Bruno Mattéi, ancien professeur de philosophie à l'école normale et à l'IUFM de Douai n'est plus. Hommage lui est rendu par son ami dans le journal "Libération"

Bruno Mattéi : un juste est mort


Par Jean-François REY , Professeur honoraire de philosophie — 26 novembre 2019 à 18:39Membre fondateur de «Libération», il était homme de «fraternité» qu’il pensa en philosophe, mais surtout qu’il pratiqua avec tous ceux qui vivaient dans les marges de la grande pauvreté, de l’ignorance et du mépris social.


Tribune. Un philosophe peut très bien décider que la vie, sa vie, n’est pas une carrière et que l’excellence n’est pas l’alpha et l’oméga d’une vie «réussie». Pour Bruno Mattéi, qui nous a quittés il y a quelques jours, c’était une conviction profonde. Né en 1943, il était de la fraction de la génération des années 68 proche des grandes écoles.
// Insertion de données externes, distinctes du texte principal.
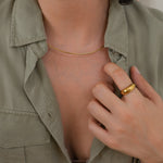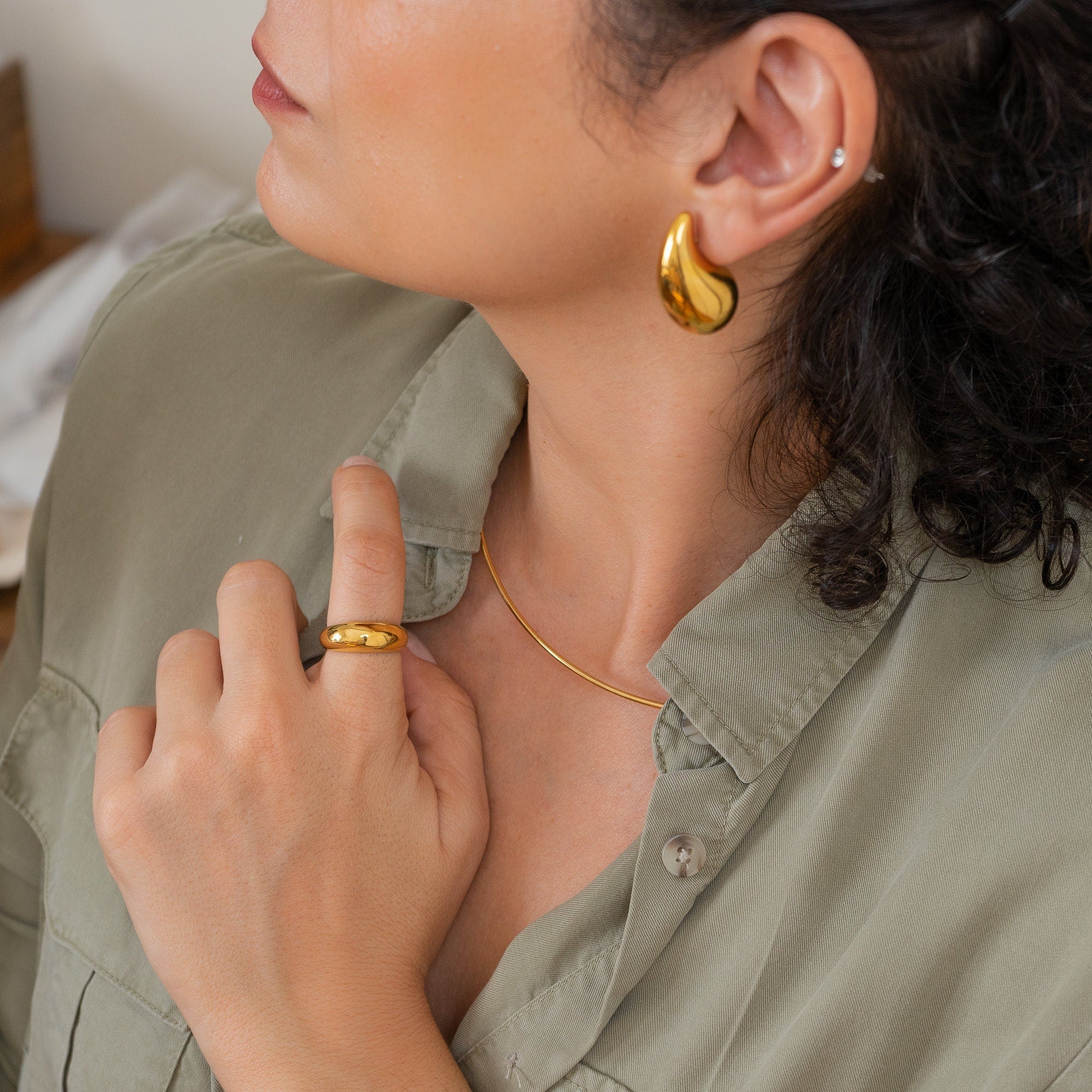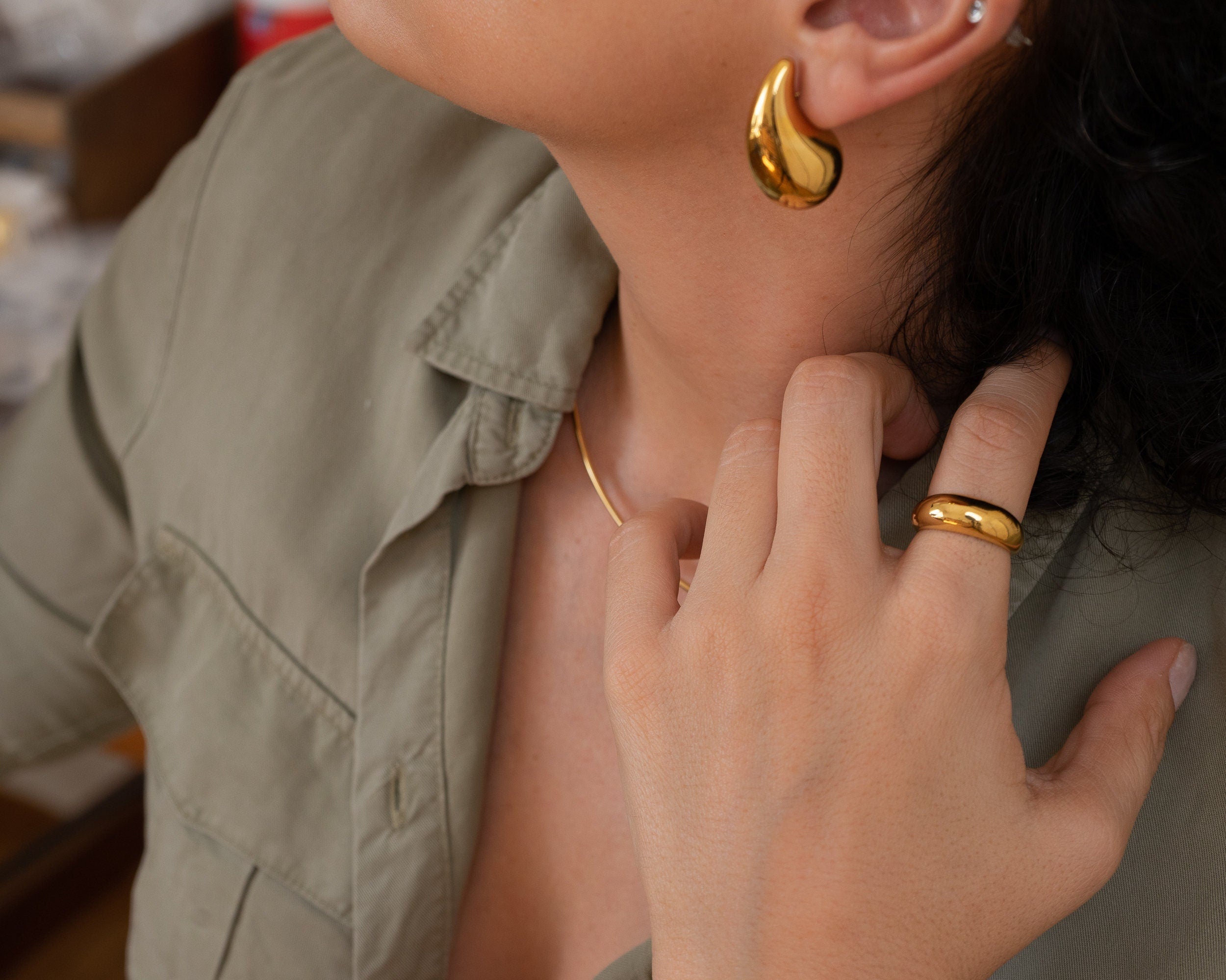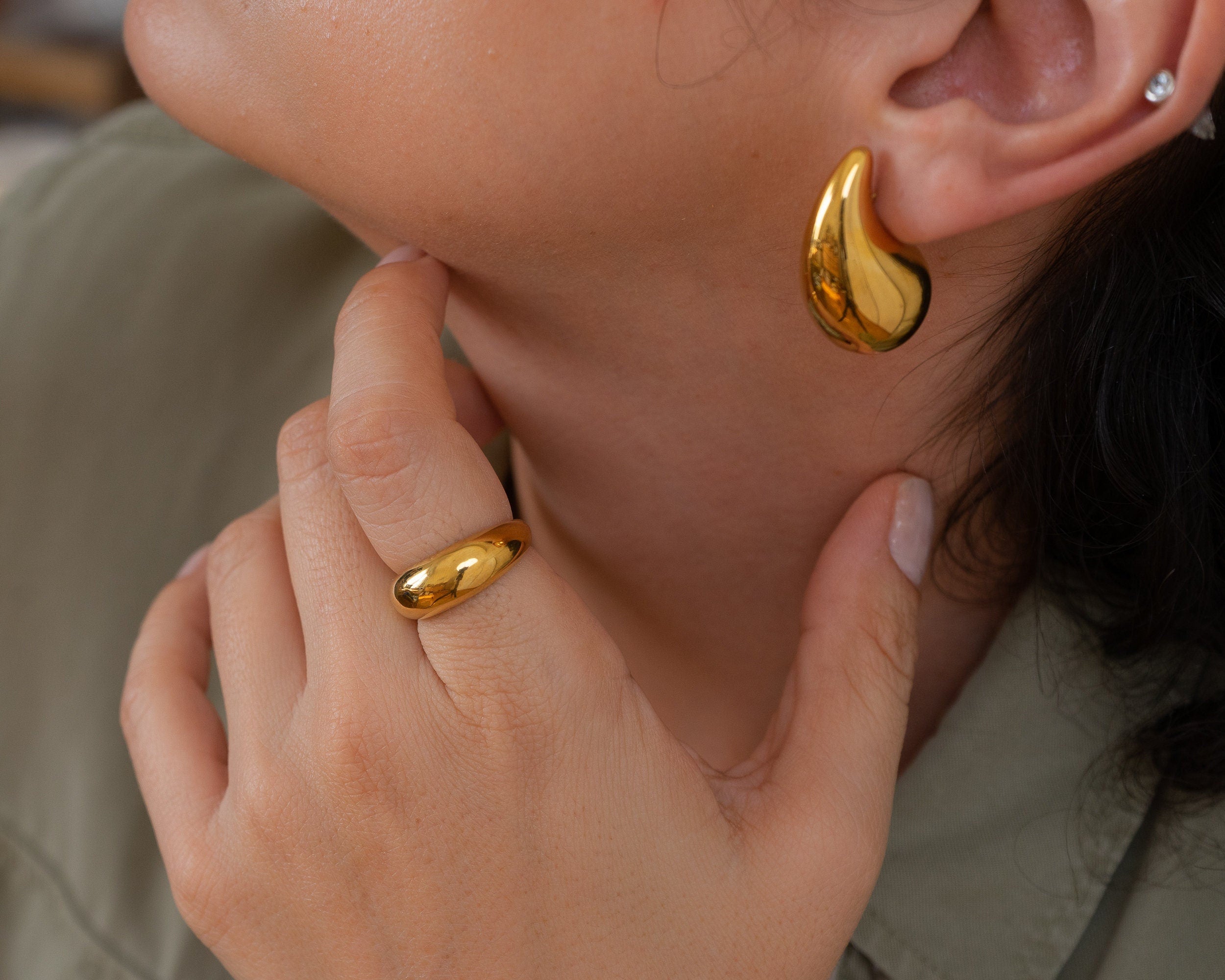 A unique 18K gold-plated stainless steel statement DOME ring. This is a classic design and a timeless piece. It can be worn on the index, middle, or ring finger. It can be worn alone or in combination with other rings. Its unique shape makes it a statement piece that you will wear for years to come.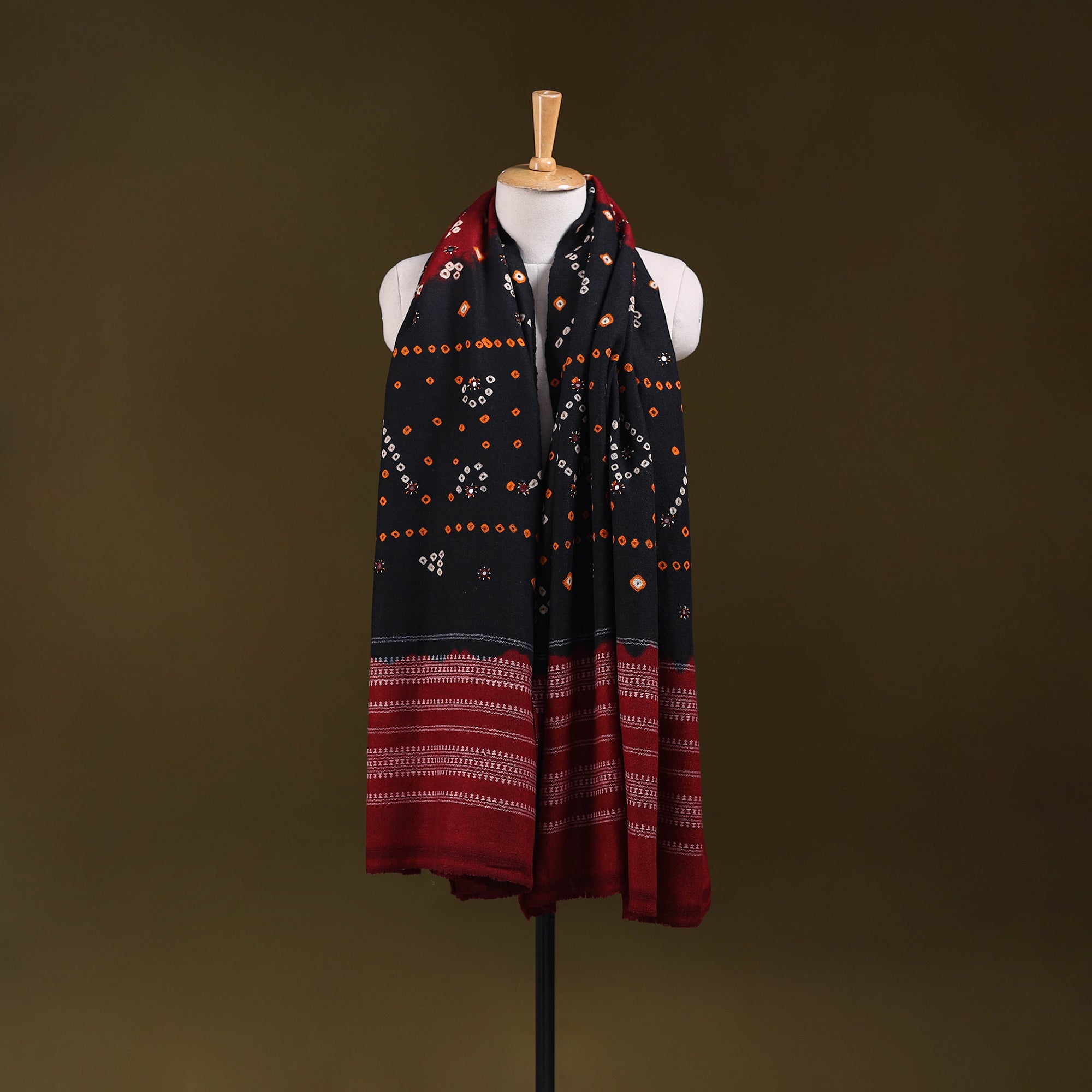 Handwoven bandhani tie-dye bagida merino wool mirror work shawl showcasing the artistry of Kutch Gujarat. Crafted by skilled artisan Vankar Bhimji Kanji it blends traditional charm with a contemporary touch. It adds grace to both everyday outfits and festive looks while offering comforting warmth making it a beautiful choice for chilly days.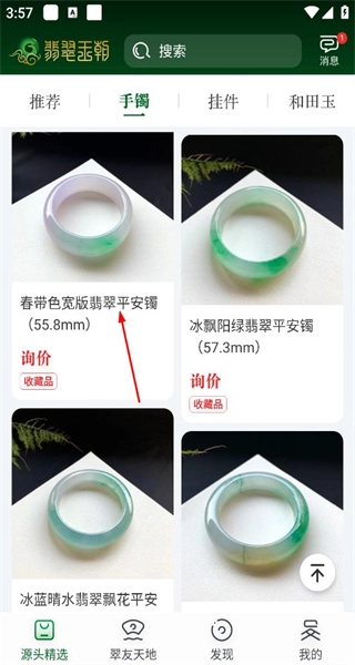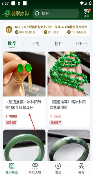 1启动对应应用后进入首页推荐板块,浏览陈列的翡翠类首饰,同时留意其定价及平台标注的推荐相关信息。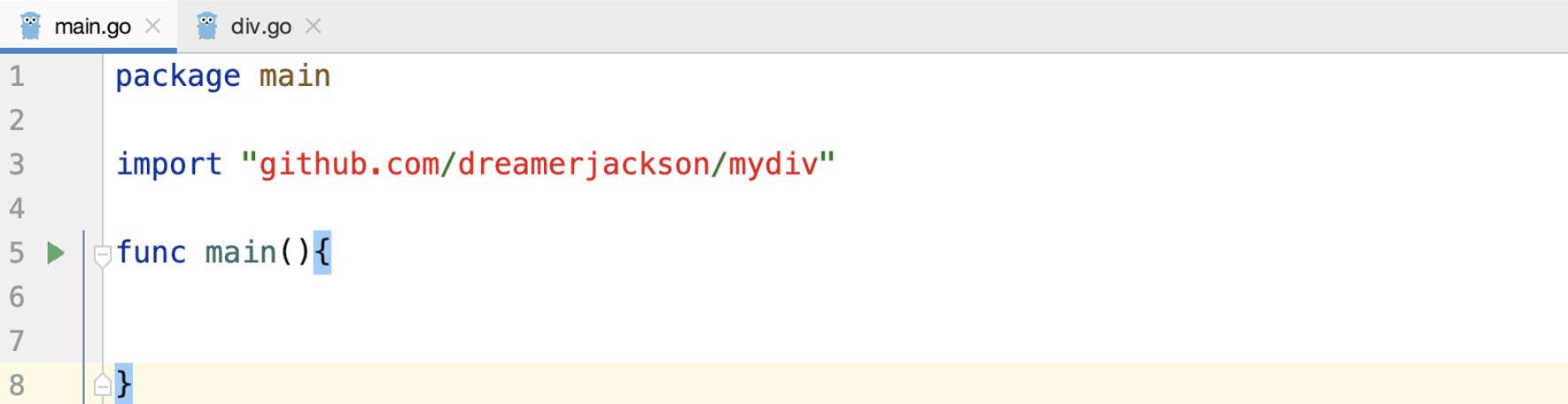还有一种办法是在终端的当前项目中,运行go get github.com/dreamerjackson/mydiv。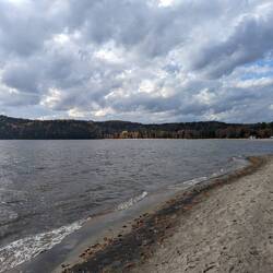 Waking up to the rain on our van we didn't feel like getting up until noon just being lazy and cosy. But eventually we made it to the car and the one hour drive to Lac Simon and a National Park where we wanted to enjoy our breakfast on the beach.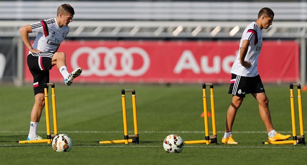 | Tiền vệ tân binh Toni Kroos (trái) khá tích cực trong buổi tập ở trung tâm huấn luyện Ciudad. |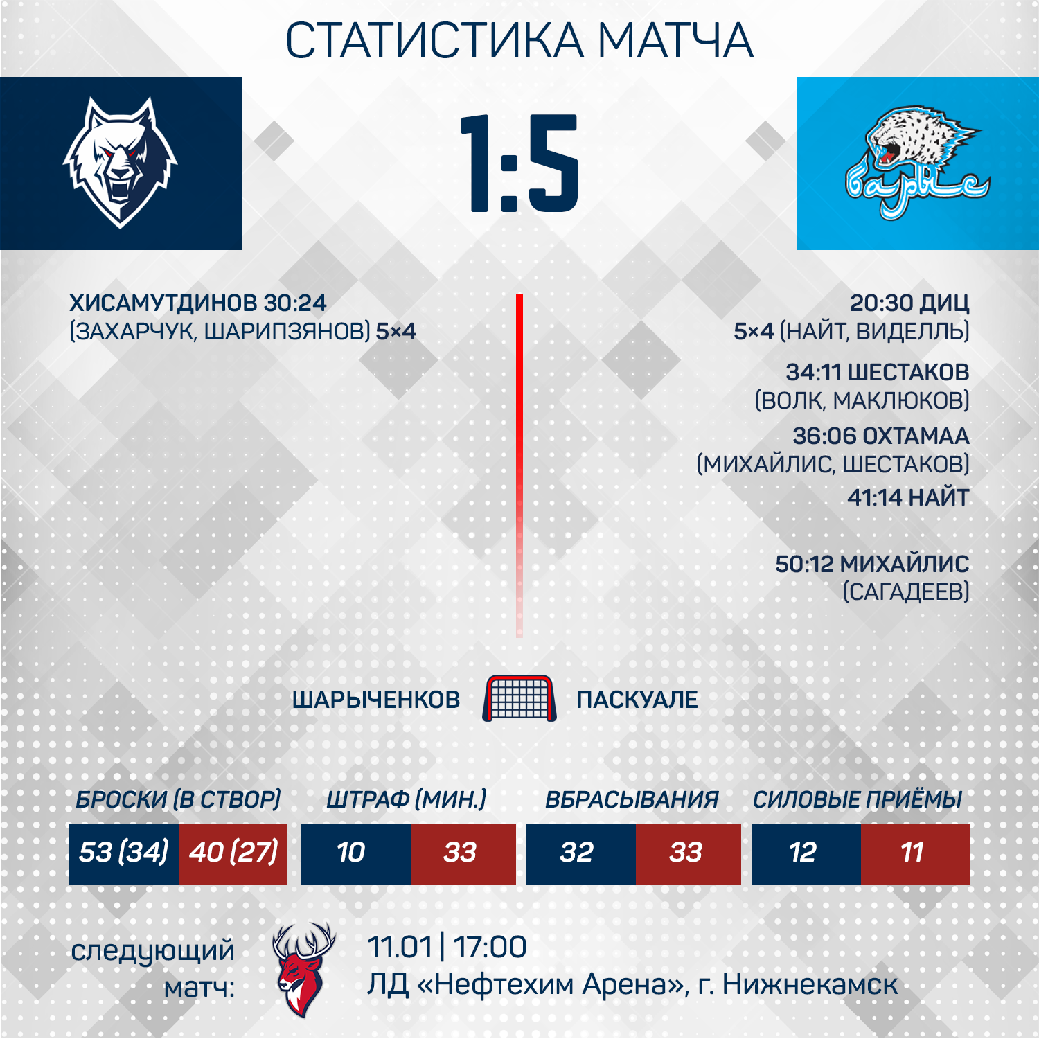 В первом периоде счет не был открыл и завершился со счетом 0:0. В середине второй двадцатиминутки команды обменялись шайбами в большинстве. В составе «волков» первую шайбу в сезоне забросил Арсен Хисамутдинов. Однако в дальнейшем ходе игры голевой успех сопутствовал только гостям. 1:5 - неутешительный для нас итог сегодняшнего поединка.Следующий матч на «Нефтехим Арене» состоится в субботу, 11 января, когда в гости к нашей команде приедет «Торпедо». Билеты можно приобрести в кассах или на нашем сайте.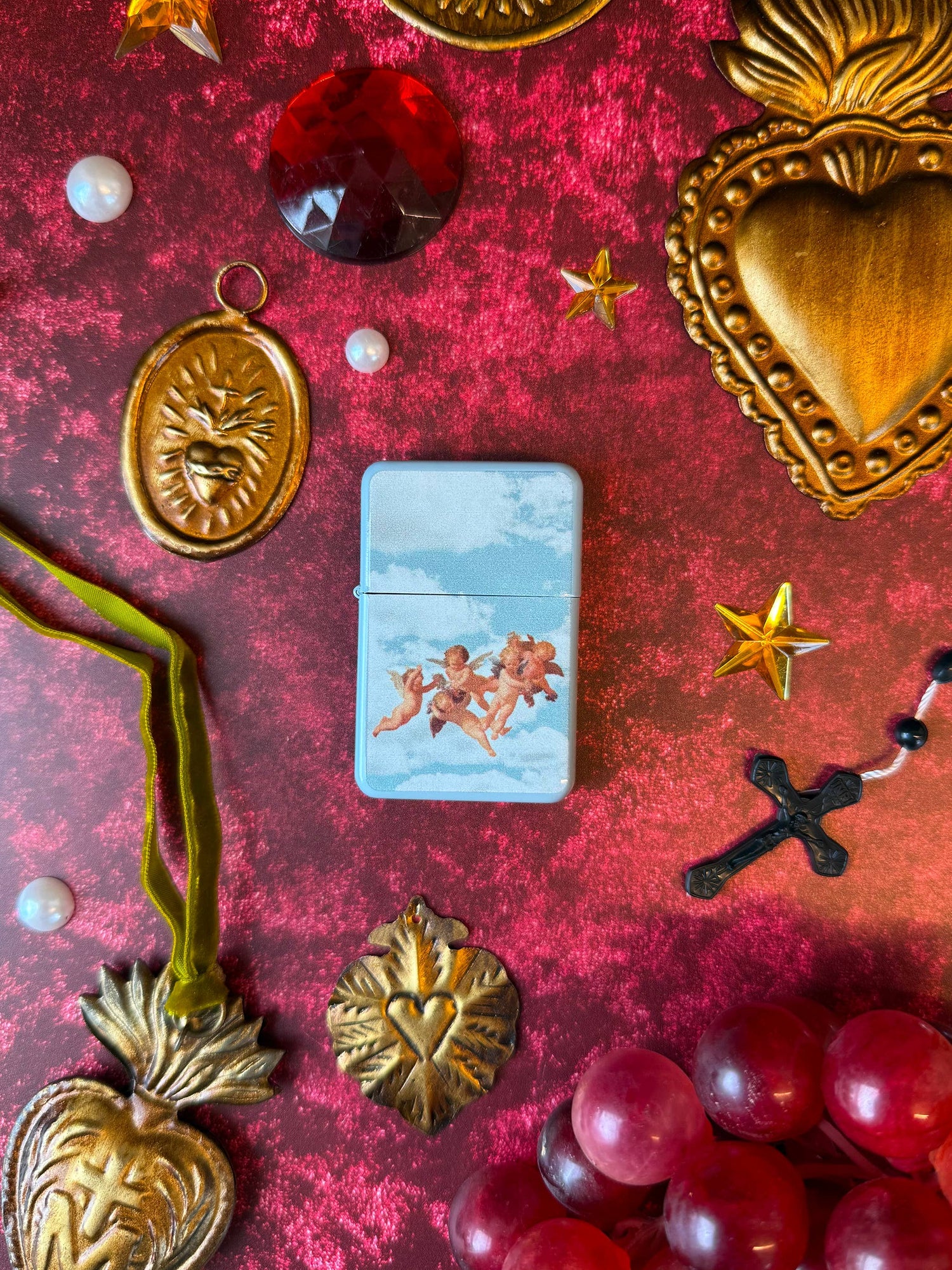 This lighter fell straight from heaven! This light blue lighter features cute little cherubs whimsically flying in the sky.

Son diplôme d’études supérieures consacré à Spinoza était tenu pour exemplaire. Il circulait parmi les khâgneux et atterrit sur le bureau de Lacan, qui invita son auteur à s’entretenir de Spinoza avec lui. N’importe qui à sa place aurait fondé là-dessus une réputation, une carrière universitaire et éditoriale. Ce ne fut pas le choix de Bruno Mattéi. Il fut professeur de philosophie dans les Ecoles normales d’instituteurs, puis les IUFM. De Paris, il partit s’installer dans les cités minières du Pas-de-Calais, moins pour s’y «établir» que pour vivre au milieu des corons et être au plus près des gens des mines, à qui il consacra plusieurs ouvrages.
C’est là, dans le contexte de l’affaire tragique de Bruay-en-Artois, qu’il fomenta avec Serge July et quelques autres la création d’un journal «sans patrons ni publicité» : Libération. Bruno Mattéi en fut le correspondant pour le Nord pendant plusieurs années. Mais il restera pour tous ceux qui l’ont connu l’homme de la «fraternité» qu’il pensa en philosophe, mais surtout qu’il pratiqua avec tous ceux qui vivaient dans les marges de la grande pauvreté, de la précarité, objets de l’ignorance et du mépris social. Ses compagnons, il les retrouvait dans l’association ATD-Quart monde ou à l’Université populaire et citoyenne de Roubaix. Membre de Citéphilo à Lille, il était l’un des rares à pouvoir relayer auprès de ses collègues cette fraternité généreuse et cette voix des sans-voix. Lorsqu’il nous arrivait d’évoquer Spinoza, il me confia un jour tout le prix qu’il attachait à la sobre et magnifique proposition : «Ne pas admirer, ne pas mépriser. Mais comprendre.»

Pour Bruno Mattéi, comprendre n’était pas d’abord le fruit d’une «synthèse de l’entendement», mais le résultat d’une enquête et d’un compagnonnage fraternel avec tous ceux que notre société rejette et ne veut pas voir.